An indebtedness to a traditional understanding of the self need not necessarily result in a conventional novel. However, in the case of Altered Carbon it does, partly because the novel reworks thriller elements typically found in hardboiled detective fiction or its filmic adaptation, the film noir. An intertextual vicinity to the hardboiled genre has been identified as an important, though not indispensable element of cyberpunk (Nazare 2003: 383). One often encounters stock characters such as “the femme fatale, the wealthy temporary employer, the Mr Big [i. e. the crime boss] and the suspicious authorities” (Butler 2000: 14). All these characters also roam the universe of Altered Carbon. Sometimes, they are characterised by intertextual references. The novel’s narrator-protagonist, for example, is a character modelled on Philip Marlowe, the alienated and elitist detective of the Raymond Chandler’s novels.
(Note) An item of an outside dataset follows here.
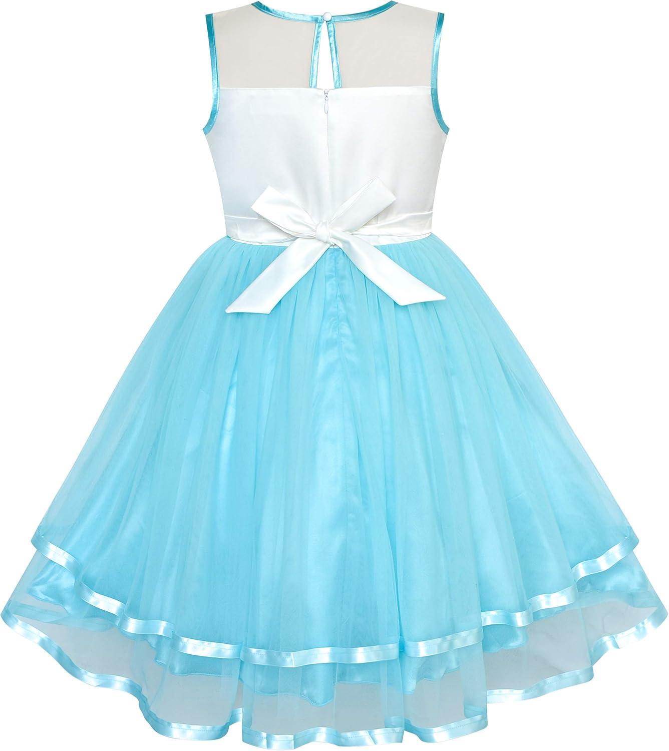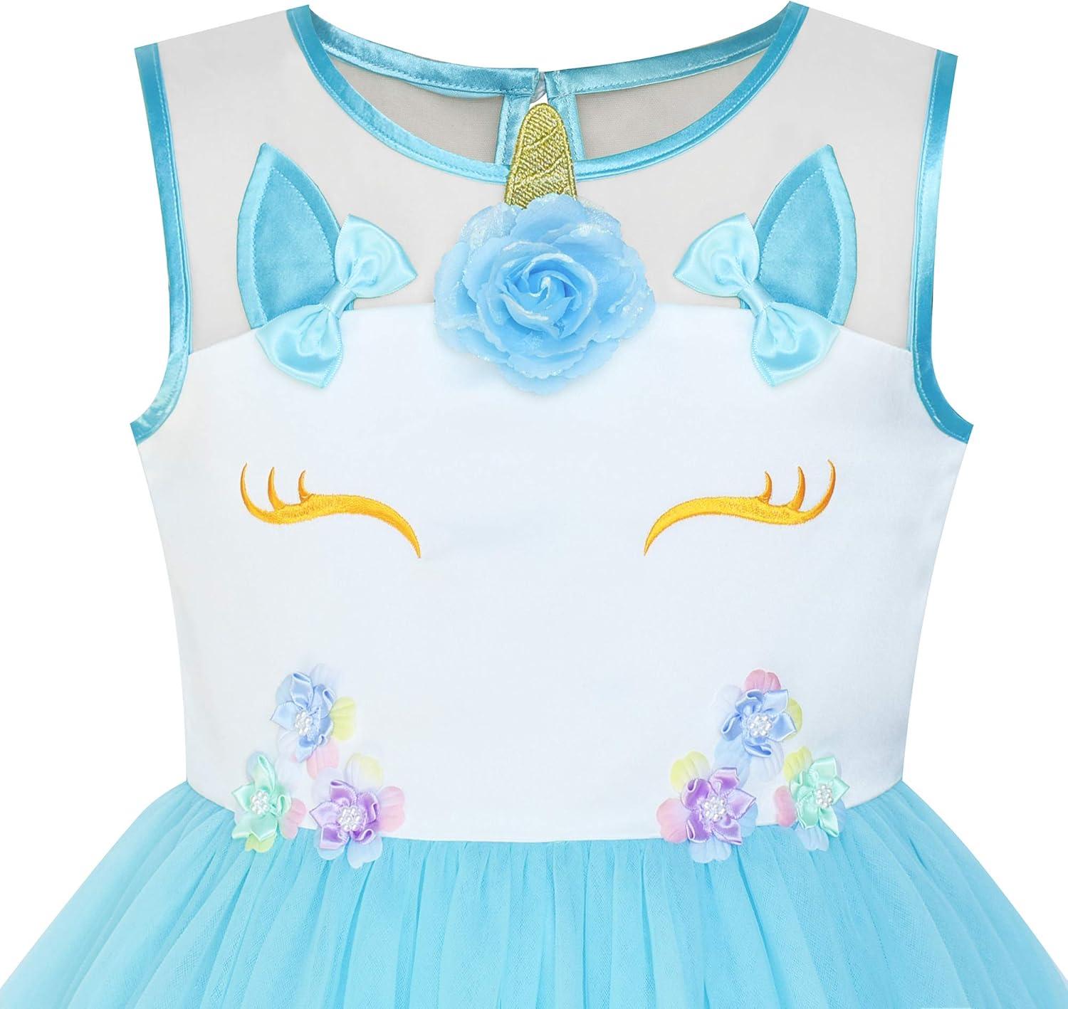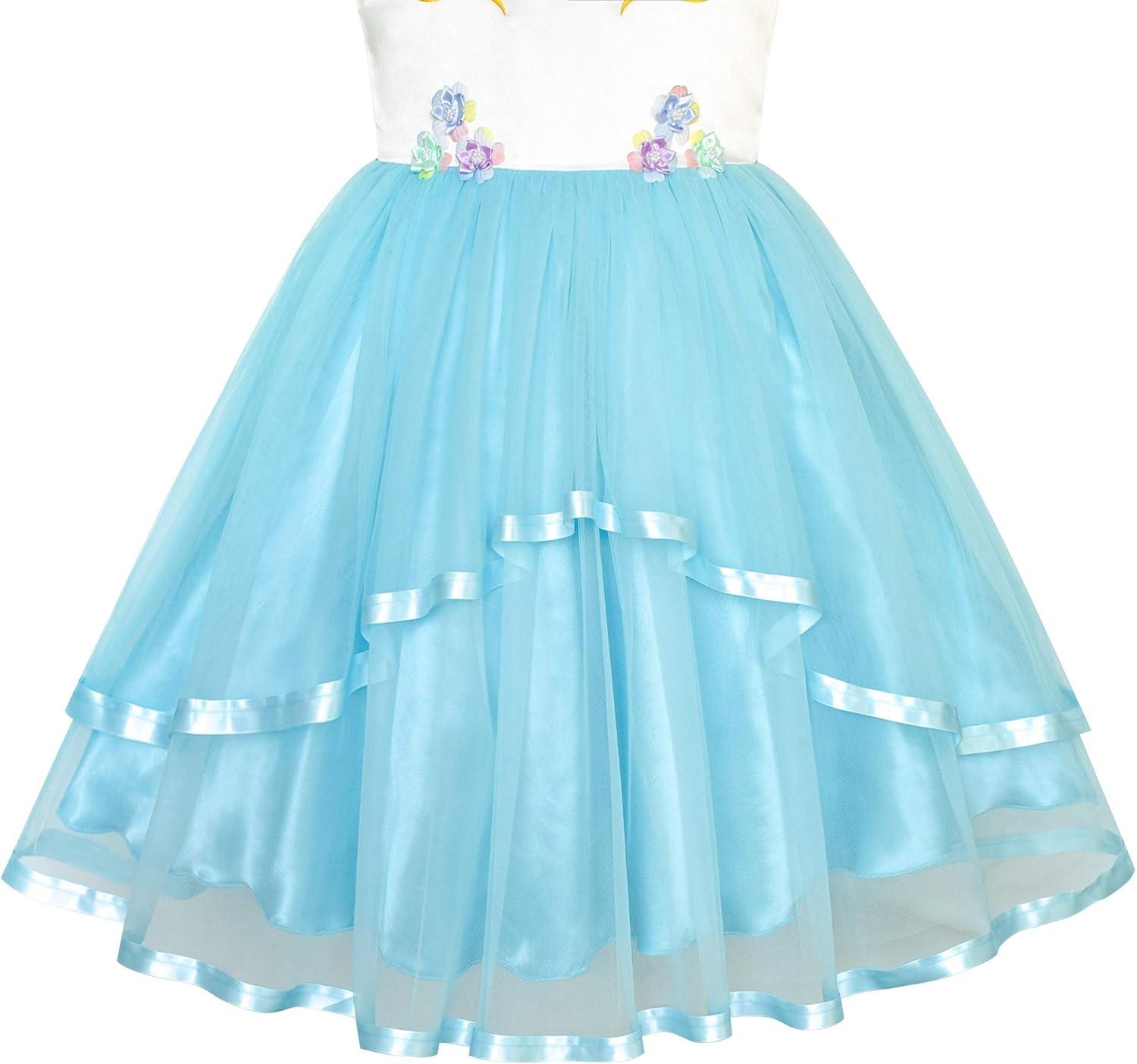 - Sunny Fashion Flower Girls Dress Blue Belted Wedding Party Bridesmaid Size 4-12(Blue Unicorn)

Similarly, the premise of the thriller – i. e. the fact that Kovacs is employed by the obscenely rich, multiply re-sleeved business tycoon Laurens Bancroft in order to solve Bancroft’s own murder – is an allusion to the 1950 film noir D.O.A., in whose opening scene Frank Bigelow reports his own murder. Also, readers re-encounter the stock character of the femme fatale in Bancroft’s wife; and Kovacs’ complicated relationship with the policewoman Kristin Ortega echoes the troubled relationship the hardboiled detective usually has with authorities.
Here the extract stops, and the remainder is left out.